-------- Records shown

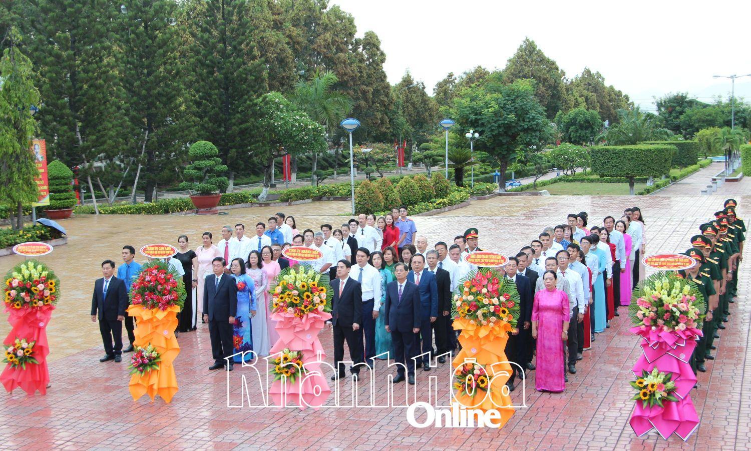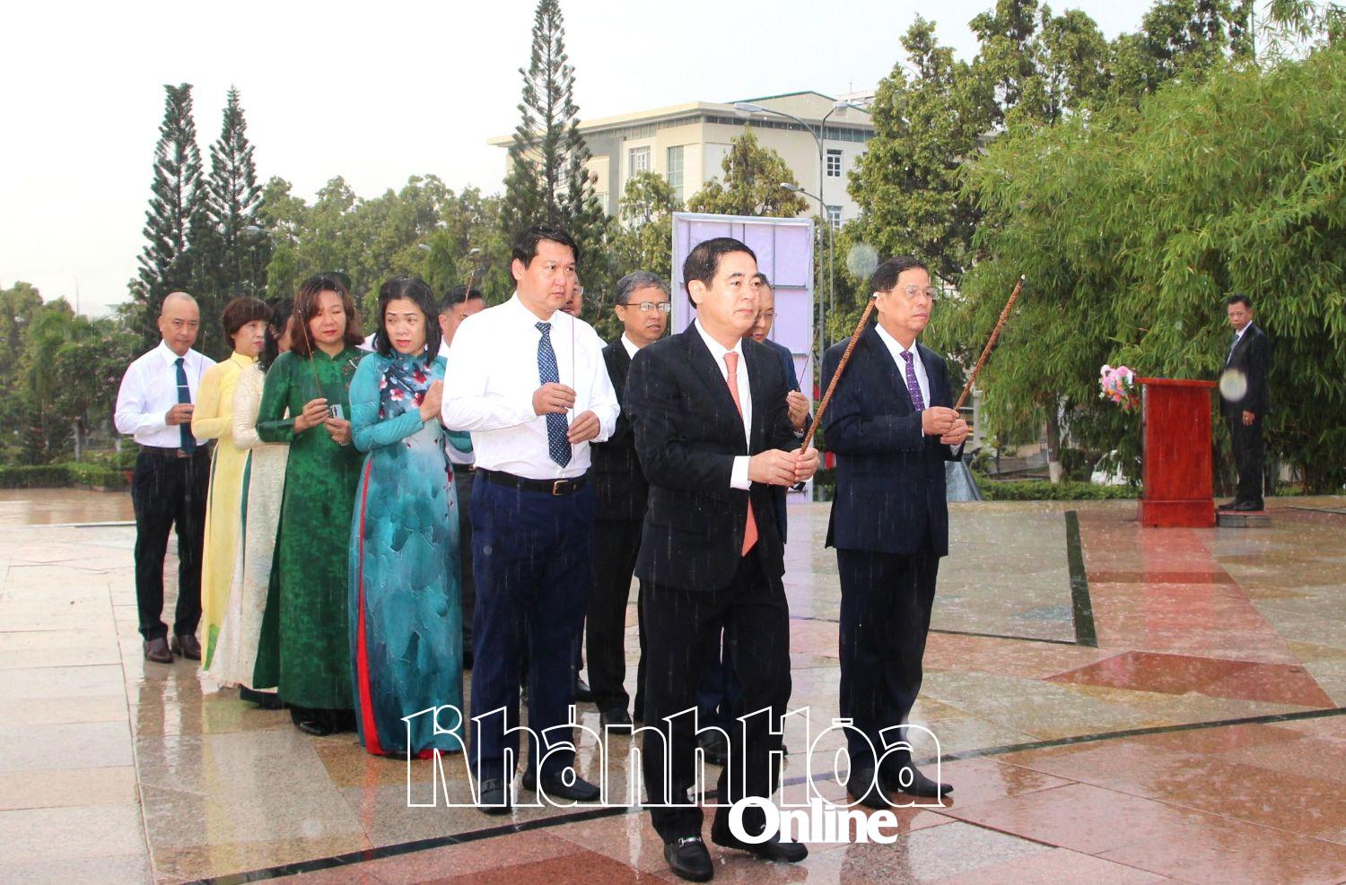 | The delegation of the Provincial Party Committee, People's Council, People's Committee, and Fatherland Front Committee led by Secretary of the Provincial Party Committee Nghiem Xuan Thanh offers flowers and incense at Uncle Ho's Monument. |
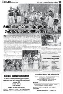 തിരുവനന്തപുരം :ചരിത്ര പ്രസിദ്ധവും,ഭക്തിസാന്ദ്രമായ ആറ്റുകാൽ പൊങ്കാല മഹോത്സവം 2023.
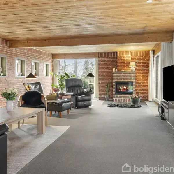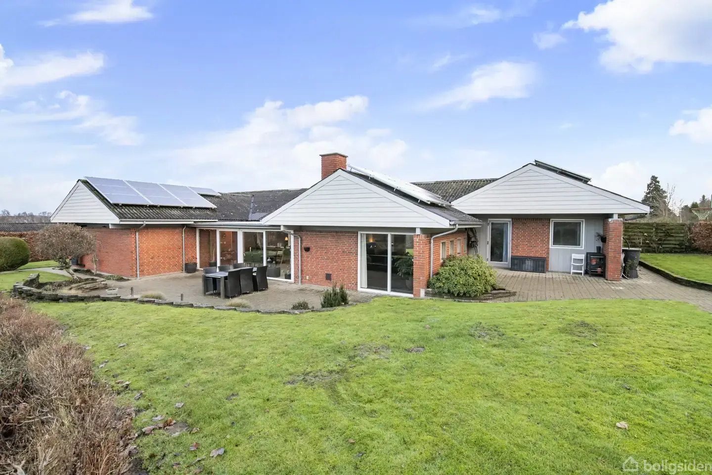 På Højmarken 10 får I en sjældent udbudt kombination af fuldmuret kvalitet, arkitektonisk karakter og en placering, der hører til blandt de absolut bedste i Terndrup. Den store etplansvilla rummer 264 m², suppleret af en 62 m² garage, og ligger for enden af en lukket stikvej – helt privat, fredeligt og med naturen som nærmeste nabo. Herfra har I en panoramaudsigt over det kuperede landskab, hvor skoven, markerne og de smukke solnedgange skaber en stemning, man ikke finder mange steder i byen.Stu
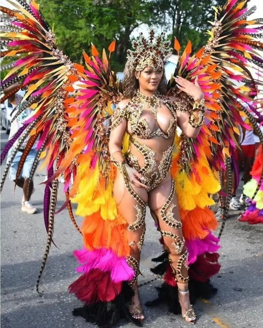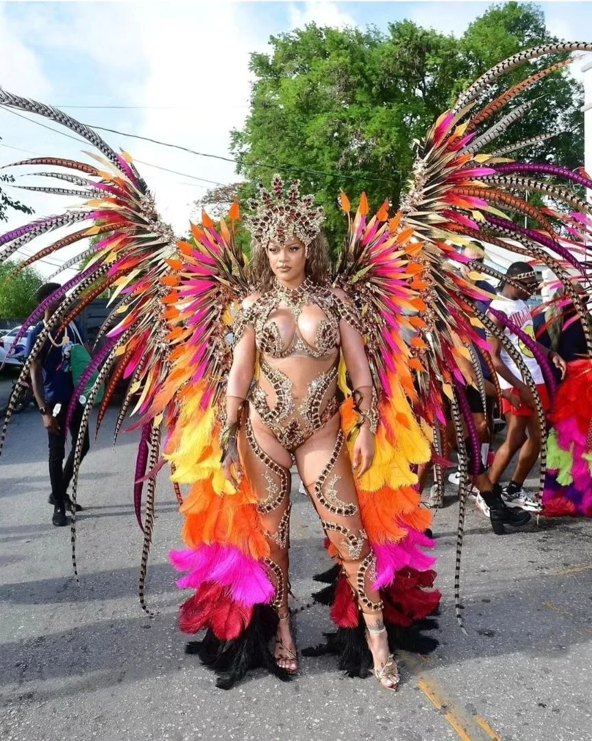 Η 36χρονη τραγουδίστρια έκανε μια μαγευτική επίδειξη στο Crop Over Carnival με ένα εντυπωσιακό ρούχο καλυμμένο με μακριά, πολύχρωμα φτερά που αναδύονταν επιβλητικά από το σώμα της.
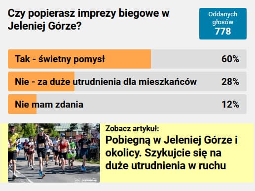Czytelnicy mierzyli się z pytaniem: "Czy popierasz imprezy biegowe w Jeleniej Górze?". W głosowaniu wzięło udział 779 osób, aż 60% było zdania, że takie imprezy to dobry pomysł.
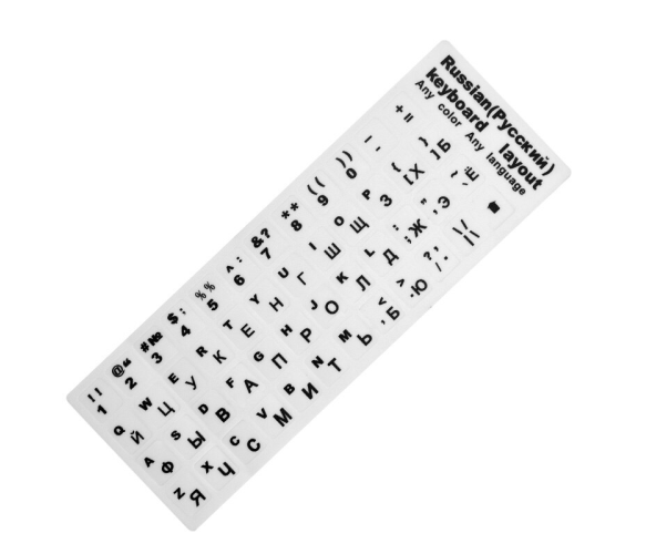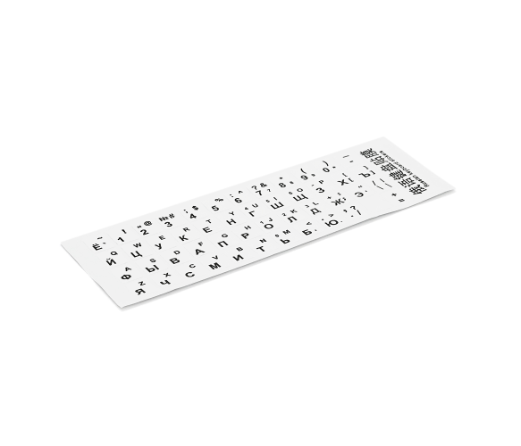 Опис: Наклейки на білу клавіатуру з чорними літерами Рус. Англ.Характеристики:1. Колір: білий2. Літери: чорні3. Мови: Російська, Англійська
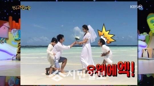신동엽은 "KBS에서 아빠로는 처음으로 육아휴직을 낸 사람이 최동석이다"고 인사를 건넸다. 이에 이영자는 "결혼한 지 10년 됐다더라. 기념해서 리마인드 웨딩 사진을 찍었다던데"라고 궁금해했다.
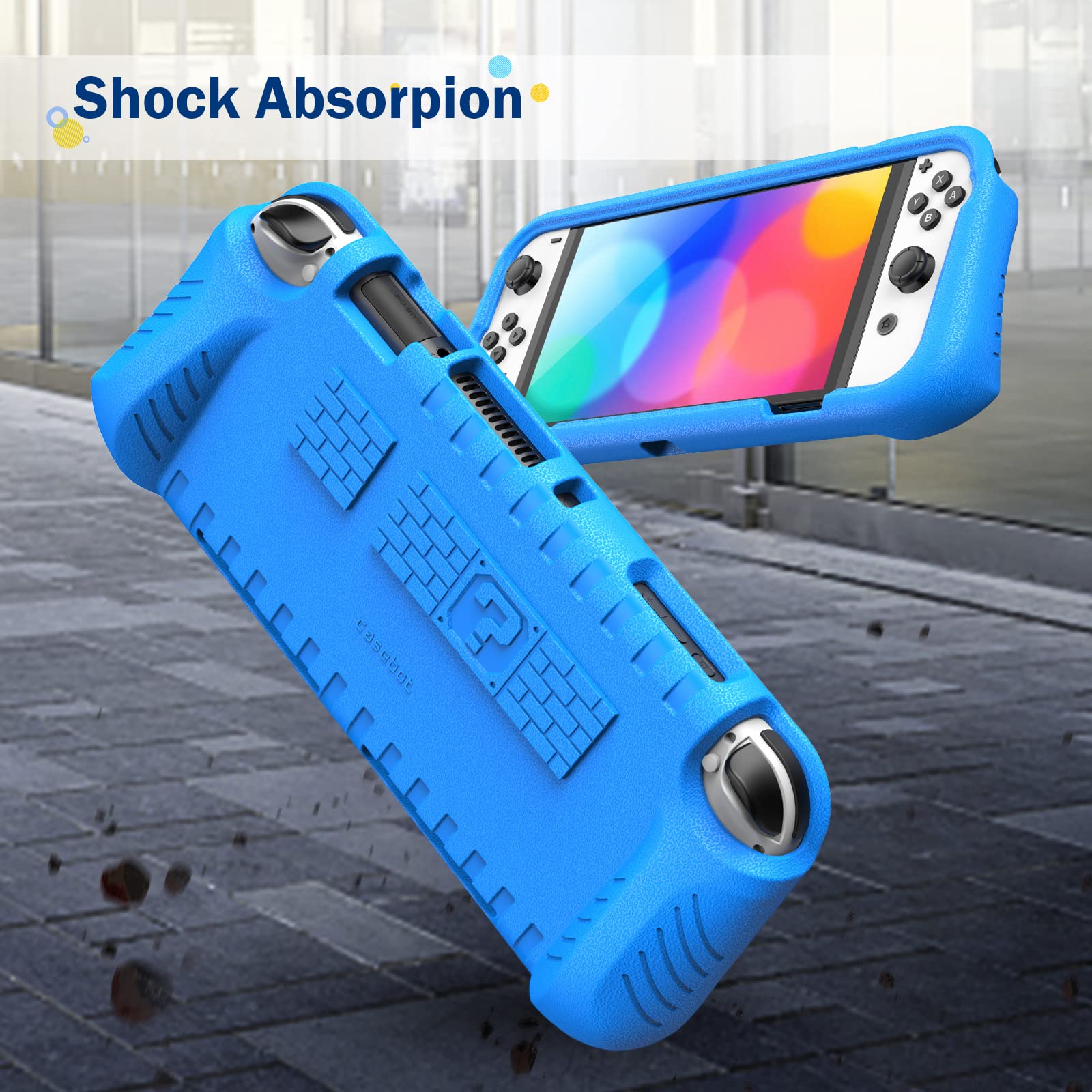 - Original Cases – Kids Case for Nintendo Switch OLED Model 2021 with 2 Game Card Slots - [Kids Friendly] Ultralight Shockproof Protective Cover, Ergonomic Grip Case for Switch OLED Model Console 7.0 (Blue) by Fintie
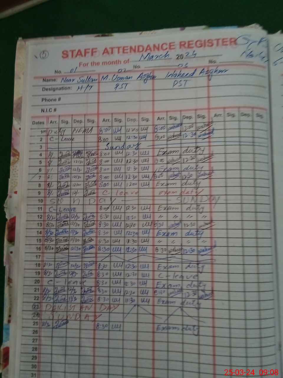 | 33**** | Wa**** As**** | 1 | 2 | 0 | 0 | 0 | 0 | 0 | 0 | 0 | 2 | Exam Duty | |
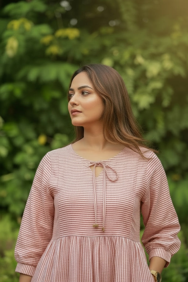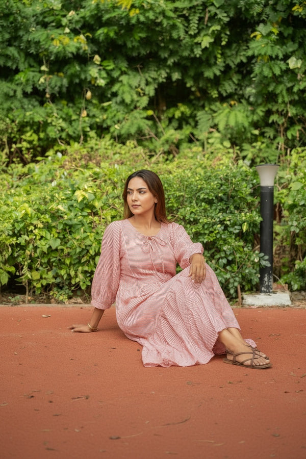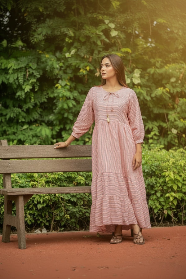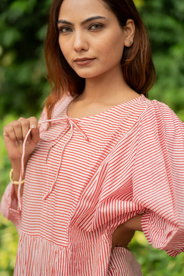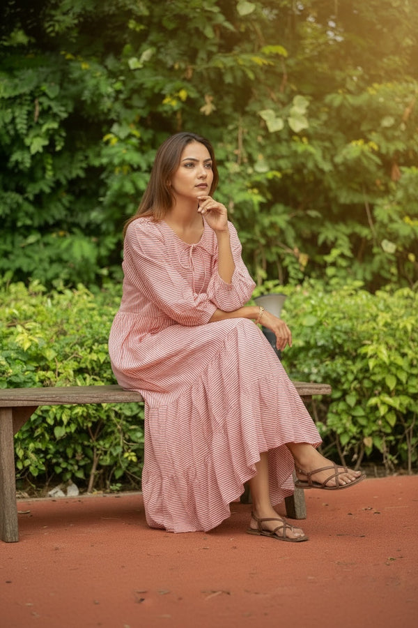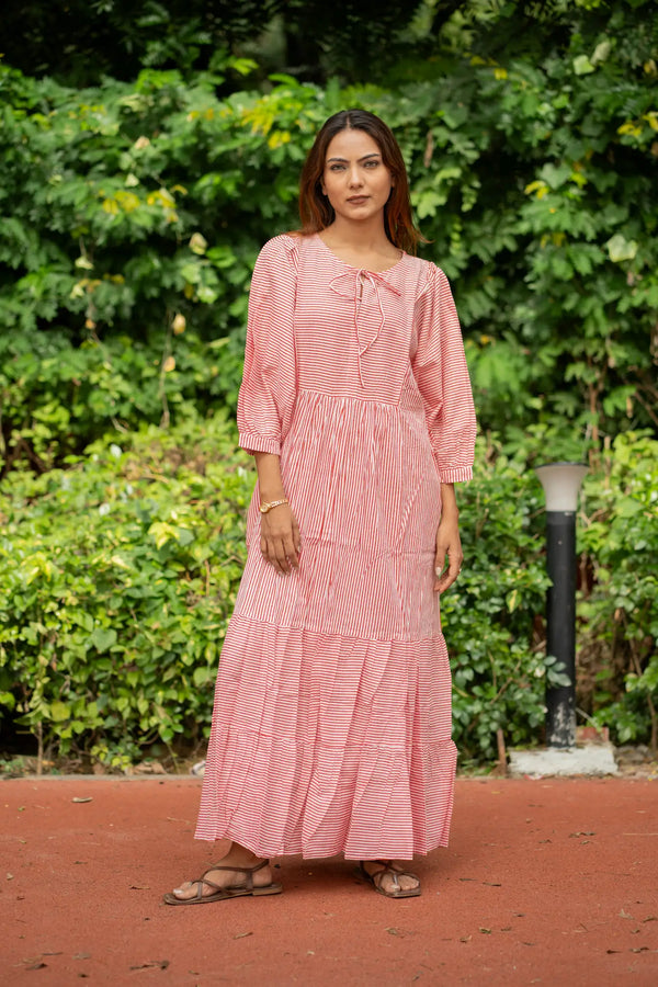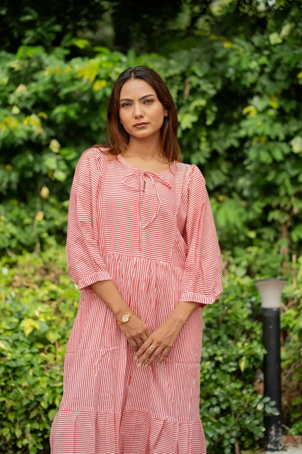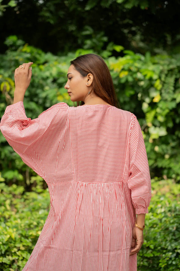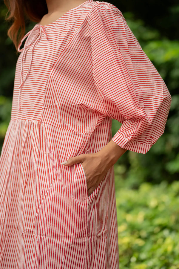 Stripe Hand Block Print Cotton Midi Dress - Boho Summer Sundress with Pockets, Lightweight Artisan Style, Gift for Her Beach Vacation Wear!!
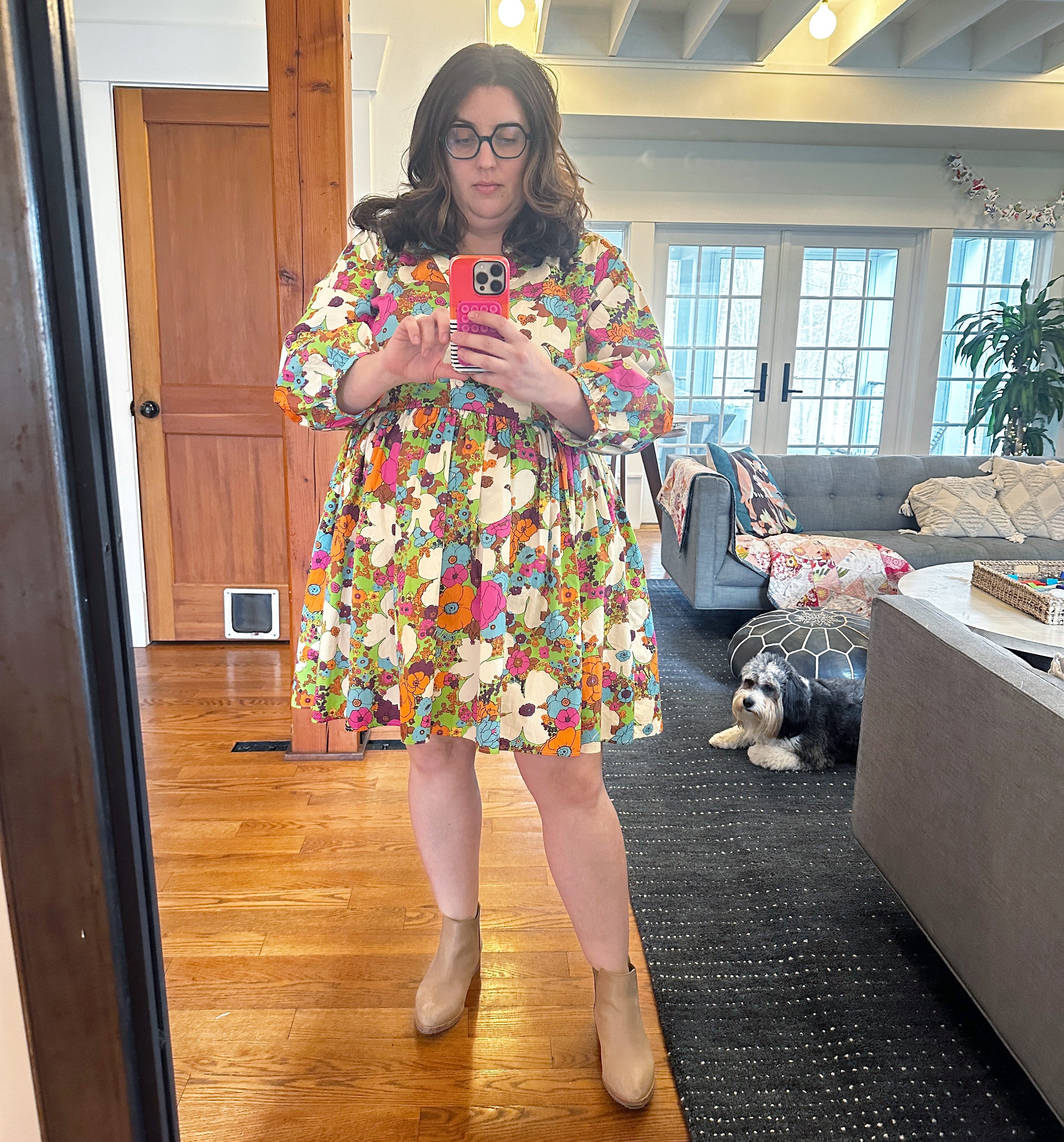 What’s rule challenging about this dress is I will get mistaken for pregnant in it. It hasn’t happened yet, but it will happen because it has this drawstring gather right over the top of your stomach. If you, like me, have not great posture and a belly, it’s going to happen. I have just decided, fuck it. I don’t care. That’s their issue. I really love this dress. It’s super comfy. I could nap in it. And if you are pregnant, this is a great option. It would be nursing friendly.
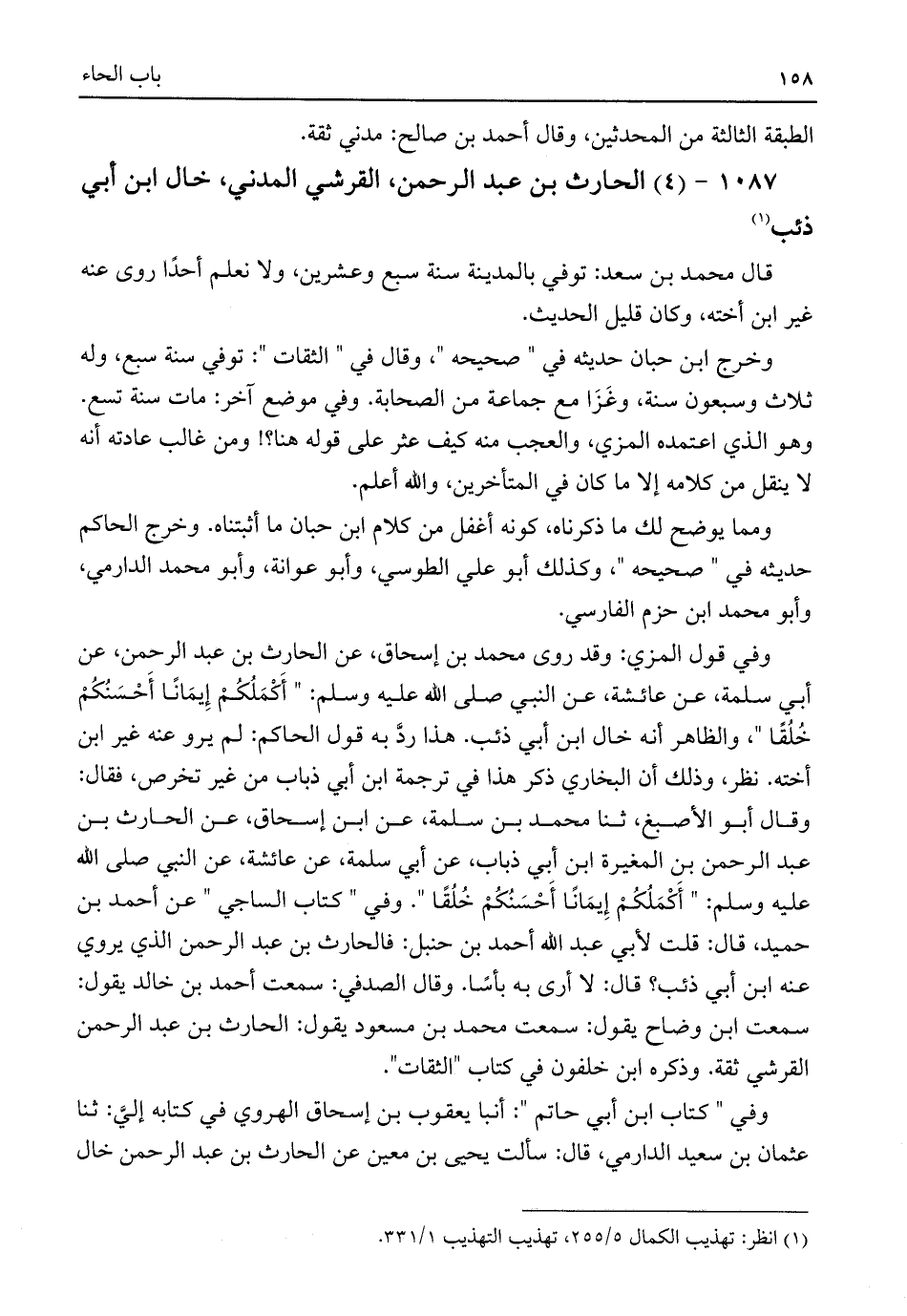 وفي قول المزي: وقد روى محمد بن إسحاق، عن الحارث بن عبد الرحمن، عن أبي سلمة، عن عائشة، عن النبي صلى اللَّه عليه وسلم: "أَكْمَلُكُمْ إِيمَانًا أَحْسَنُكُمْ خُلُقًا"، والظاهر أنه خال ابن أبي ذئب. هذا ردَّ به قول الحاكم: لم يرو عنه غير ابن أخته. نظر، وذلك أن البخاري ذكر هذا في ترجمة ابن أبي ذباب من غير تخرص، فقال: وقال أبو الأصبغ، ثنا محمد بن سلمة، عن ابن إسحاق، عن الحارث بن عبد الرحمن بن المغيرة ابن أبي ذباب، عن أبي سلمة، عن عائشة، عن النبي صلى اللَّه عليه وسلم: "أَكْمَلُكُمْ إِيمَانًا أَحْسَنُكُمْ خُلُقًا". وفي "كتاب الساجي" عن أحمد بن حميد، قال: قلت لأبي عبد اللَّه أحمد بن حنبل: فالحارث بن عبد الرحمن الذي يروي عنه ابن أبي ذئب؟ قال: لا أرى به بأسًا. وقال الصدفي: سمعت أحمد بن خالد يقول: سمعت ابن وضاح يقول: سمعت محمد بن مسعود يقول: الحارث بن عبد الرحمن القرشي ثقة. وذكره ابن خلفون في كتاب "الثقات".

----------------

# What is being asked:
Please return exactly the lines above, from where the listing starts to the line holding "Exam Duty | |", inclusive, with the pictures omitted.

# Answer space:
 | The delegation of the Provincial Party Committee, People's Council, People's Committee, and Fatherland Front Committee led by Secretary of the Provincial Party Committee Nghiem Xuan Thanh offers flowers and incense at Uncle Ho's Monument. |
 തിരുവനന്തപുരം :ചരിത്ര പ്രസിദ്ധവും,ഭക്തിസാന്ദ്രമായ ആറ്റുകാൽ പൊങ്കാല മഹോത്സവം 2023.
 På Højmarken 10 får I en sjældent udbudt kombination af fuldmuret kvalitet, arkitektonisk karakter og en placering, der hører til blandt de absolut bedste i Terndrup. Den store etplansvilla rummer 264 m², suppleret af en 62 m² garage, og ligger for enden af en lukket stikvej – helt privat, fredeligt og med naturen som nærmeste nabo. Herfra har I en panoramaudsigt over det kuperede landskab, hvor skoven, markerne og de smukke solnedgange skaber en stemning, man ikke finder mange steder i byen.Stu
 Η 36χρονη τραγουδίστρια έκανε μια μαγευτική επίδειξη στο Crop Over Carnival με ένα εντυπωσιακό ρούχο καλυμμένο με μακριά, πολύχρωμα φτερά που αναδύονταν επιβλητικά από το σώμα της.
Czytelnicy mierzyli się z pytaniem: "Czy popierasz imprezy biegowe w Jeleniej Górze?". W głosowaniu wzięło udział 779 osób, aż 60% było zdania, że takie imprezy to dobry pomysł.
 Опис: Наклейки на білу клавіатуру з чорними літерами Рус. Англ.Характеристики:1. Колір: білий2. Літери: чорні3. Мови: Російська, Англійська
신동엽은 "KBS에서 아빠로는 처음으로 육아휴직을 낸 사람이 최동석이다"고 인사를 건넸다. 이에 이영자는 "결혼한 지 10년 됐다더라. 기념해서 리마인드 웨딩 사진을 찍었다던데"라고 궁금해했다.
 - Original Cases – Kids Case for Nintendo Switch OLED Model 2021 with 2 Game Card Slots - [Kids Friendly] Ultralight Shockproof Protective Cover, Ergonomic Grip Case for Switch OLED Model Console 7.0 (Blue) by Fintie
 | 33**** | Wa**** As**** | 1 | 2 | 0 | 0 | 0 | 0 | 0 | 0 | 0 | 2 | Exam Duty | |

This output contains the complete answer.